H2 title length (#22): “The CRM looks empty for a reason” (7w), “He’s payroll until he’s a project” (6w), “Three kinds of knowledge that hide in him” (8w), “Extraction is the data work” (5w), “A conversation worth replacing” (4w). All within 3-8 word range. No long thesis-statement title required.
Position adds a layer the Twist did not (#17). Twist names what the cost looks like when he’s gone (carrying cost surfaces all at once under pressure). Position redefines what “data discipline” means in a 5-50 person business: extraction, not software. New methodological frame, not a recap of the cost.

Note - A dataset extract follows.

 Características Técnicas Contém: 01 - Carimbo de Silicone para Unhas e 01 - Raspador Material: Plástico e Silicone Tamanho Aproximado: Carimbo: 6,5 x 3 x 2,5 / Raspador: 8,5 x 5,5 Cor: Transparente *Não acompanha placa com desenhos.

Internal phrase repetition (#21): “the senior person” appears 2x (mini-framework process section, closer). “data discipline” appears 2x (mini-framework intro, Position opening). “Brian” appears 2x (H1, closer dialogue). “the dashboard” appears 3x but each in a structurally different role (Pain: “the dashboard reads thin”; Twist: “answers arrive faster than the dashboard”; closer: “the dashboard reflects something the team would trust”). No distinctive 3-5 word phrasing reaches 3+ uses with the same role.

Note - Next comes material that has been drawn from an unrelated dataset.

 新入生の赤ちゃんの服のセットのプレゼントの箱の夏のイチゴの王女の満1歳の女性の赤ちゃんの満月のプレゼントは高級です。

Distinctive-phrasing reuse check across siblings (#20): avoided iteration-2’s “the data layer you can’t see is a person,” “He runs the business until he stops,” “Brian is the database. Migrate first.”, “Slow work. The kind that doesn’t demo well.”, “list of 30 exceptions,” and the “It looks like X. It looks like Y. It looks like Z.” anaphora. Avoided systems-angle sibling’s “confidently wrong,” “the output looks correct. That’s the trap.”, “Boring infrastructure work.” Avoided thats-not-an-ai-problem.md’s “AI sequences in fine. It just sequences second.”, “AI joins the conversation when it earns the seat.”
Closer dialogue authenticity (#19): Operator lines drop pronouns and hedge (”… not most of it.”, “Brian, mostly. Some in his email.”). Lines pass the consultant-substitution test: another consultant would not say ”… not most of it.” in conversation; it’s operator-shaped fragment language. The Me lines stay sharp.
Worldview claim: data-is-the-load-bearing-layer, people/tribal-knowledge sub-angle. Sibling systems-angle blog draft is your-ai-isnt-failing-your-data-is.md. Brian archetype provides cross-surface continuity.